# An Owl Hunting In The Field With Me



## akmslingshots (Mar 2, 2012)

amazing... i wish i had another set of batteries this went on for an hour!


----------



## NightKnight (Dec 16, 2009)

Neat! I wasn't aware that owls hunted in broad daylight.


----------



## Jakerock (Mar 8, 2012)

Thanks for posting AKM!


----------



## akmslingshots (Mar 2, 2012)

AaronC said:


> Neat! I wasn't aware that owls hunted in broad daylight.


Neither was I Aaron.. I nearly cried when my battery died, it flew right towards me (10m away) twice


----------



## torsten (Feb 9, 2010)

Cool!!


----------



## Imperial (Feb 9, 2011)

akmslingshots said:


> Neat! I wasn't aware that owls hunted in broad daylight.


Neither was I Aaron.. I nearly cried when my battery died, it flew right towards me (10m away) twice
[/quote]
you were more than likely near its nest if it flew at you .


----------



## akmslingshots (Mar 2, 2012)

Imperial said:


> Neat! I wasn't aware that owls hunted in broad daylight.

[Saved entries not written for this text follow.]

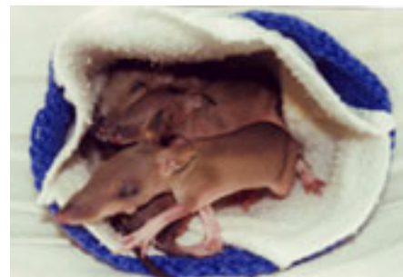
30g, skin no longer tacky. Eyes closed. Can be hand-reared by experienced carer

Pouched young or small juveniles will also require some additional heat depending upon their age and size. Unfurred or just furring young should be placed in a beanie that is secured with a tie or elastic band at the neck. This beanie should be placed alongside a suitable heat source - warm hot water bottle, warmed wheat bag or whatever heat source you use. Remember - not too hot, just warm enough. It is better to err on the cool side than overheat the animal.
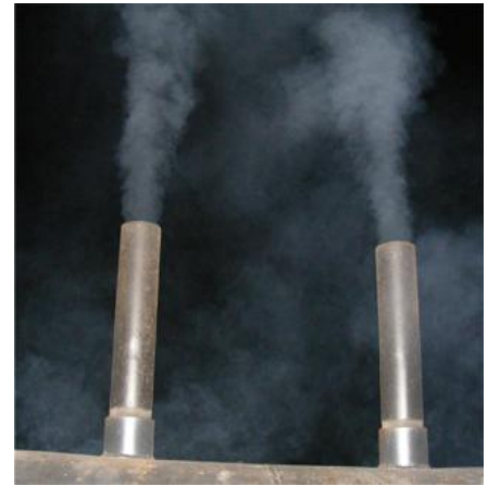
Cooking all night
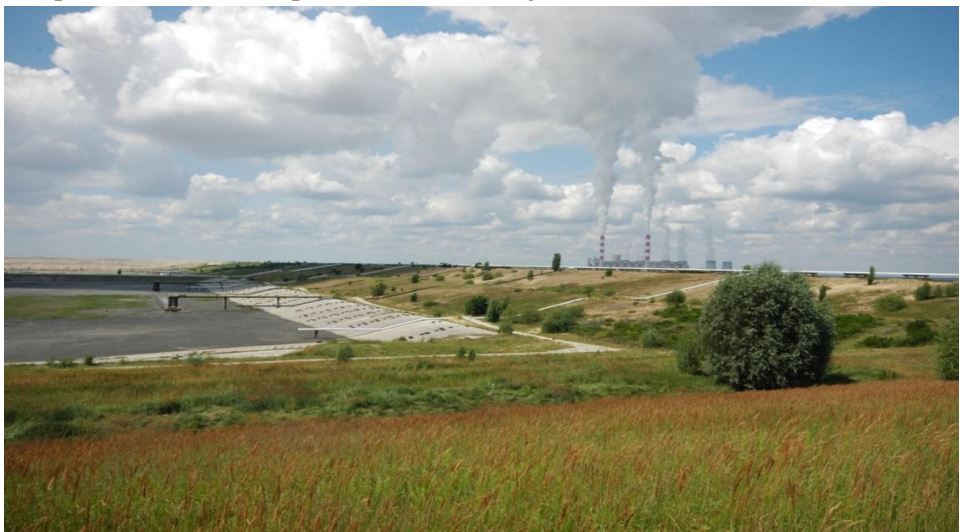
Fig. 8. Ash waste dump site for the Belchatów Power station on the internal dumping site of the Belchatów Field

So far the Polish lignite mining industry has not followed the cultural approach, and the economic approach has been present in a limited way - one could mention here, for example, the windmill farm on the external dumping site of the Bełchatów mine or the construction of industrial and municipal waste dumping sites in the workings and dumping sites of particular lignite mines. Internal dumping sites (e.g. in the Bełchatów, Konin and Turów mines) are sometimes used to store ashes from power stations and as a result they are rendered harmless there. It seems that in the field of promotion and application of reclamation approaches other than traditional ones there is a lot to do in comparison to, for example, our western neighbours.
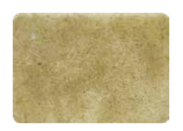
Acid Amino Shampoo Bar For Damaged Hair &Anti-dandruff Volume: 80g
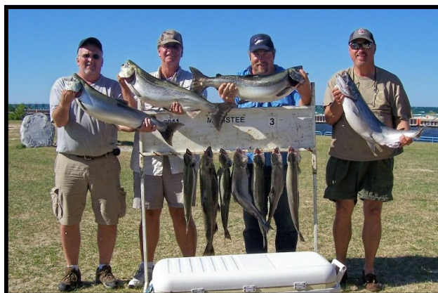
3rd Place - "Sea Hag"
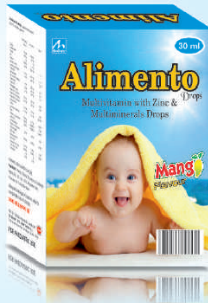
Nutritional Information (approximate values) Each ml. contains (approx.)
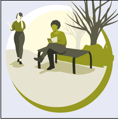
Figure 5.4 A transport sector that helps to achieve Norway’s climate and environmental goals

The transport sector accounts for almost a third of Norway’s greenhouse gas emissions. The Government’s Report No 13 to the Storting (2020–2021) Klimaplan for 2021–2030 (‘Climate Action Plan for 2021–2030’) was presented in January 2021 as a White Paper. The Climate Action Plan describes how Norway will achieve its ambitious climate goals. The Government’s climate policy for the transport sector is described in detail in the Climate Action Plan. The plan shows that, unless we intensify our use of policy instruments, there will be an emissions gap by 2030. Among
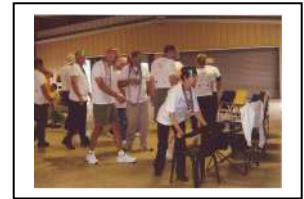
The Green Team placed third in spite of their protests.
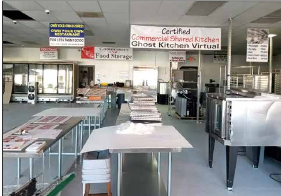
The Carmichael site recently had over $200,000 on equipment and physical improvements done, including $25,000 to correctly re-install a kitchen range hood system.
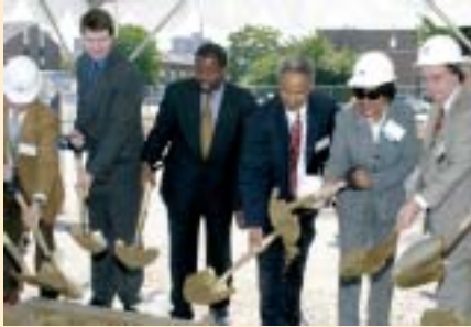
Lucien E. Blackwell Homes groundbreaking

PHA continued its collaboration with local, state and federal governmental partners to leverage PHA resources and collaborate on projects to improve the quality of life for PHA residents:
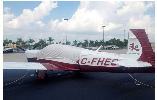
Mooney TLS Canopy Cover
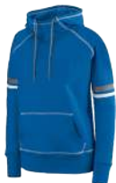
ROYAL/ WHITE/ GRAPHITE 191
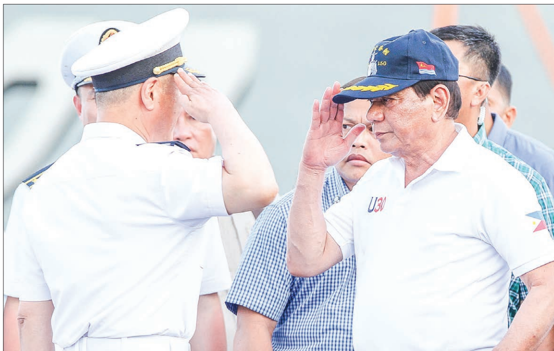
Philippine President Rodrigo Duterte returns the salute of a Chinese Navy officer as he tours a Chinese Naval ship during a visit to Davao city, southern Philippines on 1 May, 2017.

A Chinese naval fleet has begun a three-day friendly visit after arriving Sunday at Davao City in the southeastern region of The Philippines. —Xinhua ■
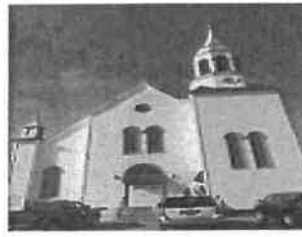
St. James the Greater
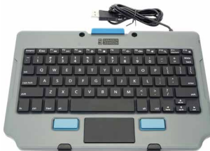
590GBL000608 Rugged Lite Keyboard
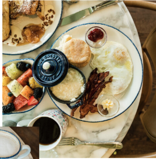
Wendy enjoyed grits every morning at The Emporium Kitchen and Wine Market.

Wendy started each day of her stay with coffee and country cooking at Emporium. "The joy of waking up, grabbing a cup of coffee, and smelling the freshly baked breads and pastries reminded me of Paris," Wendy says. She and Colin tried more than just the sweet treats at this all-day eatery though, instead opting to try a Southern delicacy they'd be hard-pressed to find back home in NYC: grits. "For breakfast, we had grits and eggs," she says. "We had breakfast and dinner at Emporium and really loved the comfort-food touch." The restaurant offers all kinds of elevated fare for dinner—think rabbit ragout with house-made pappardelle, moules frites, and rotisserie chicken with potato purée and farmer's market vegetables—but Wendy and Colin stuck with the Southern staple and feasted on bourbon-brined pork chops with cane water grits and Brussels sprouts.
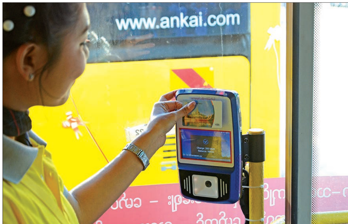
A staff of YBS demonstrates how to use a smart card with the card payment system to media at the ceremony to celebrate the 2 nd year anniversary of the Yangon Buse Service.

Within the next 9 months, we are planning to change the card payment system step by step and Asia Starmar Transport Intelligent Company will take responsibility for the YPS (Yangon Payment Service).
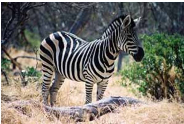
Zebra – Chobe
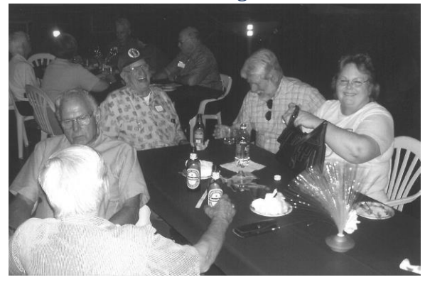
Various gatherings at PSA. Several current & former MDPA members here.
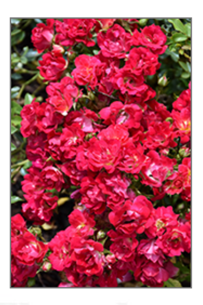
Red Drift Rose flowers

This shrub will require occasional maintenance and upkeep, and is best pruned in late winter once the threat of extreme cold has passed. Gardeners should be aware of the following characteristic(s) that may warrant special consideration;
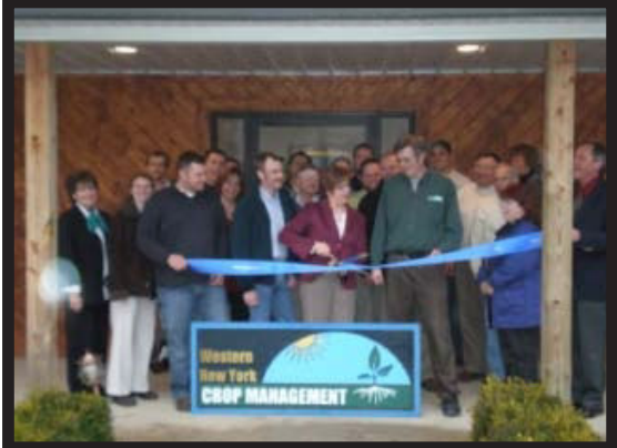
Western NY Crop Management - Rt. 19 - Warsaw
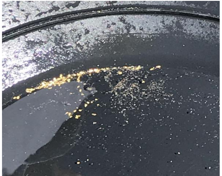
Pan for GOLD

We will stop at Dudley's to pick up sandwiches (or pack your own picnic lunch) and then on to the Eagle Mining Co. where there are picnic tables for us to enjoy lunch. After the tour you can try to strike it rich and pay for your next Z Car.
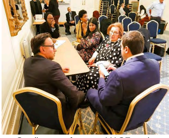
Small groups focus on MAGE goals
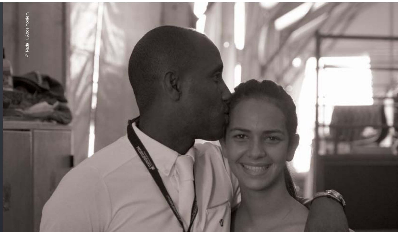
At the 2012 GCT in Monaco

Neither was I Aaron.. I nearly cried when my battery died, it flew right towards me (10m away) twice
[/quote]
you were more than likely near its nest if it flew at you . 
[/quote]

Did not fly aggressively/directly at me, just hunting towards me but close... was almost comfortable with me being there... words cannot describe


----------



## Jaxter (Jan 23, 2012)

Amazing


----------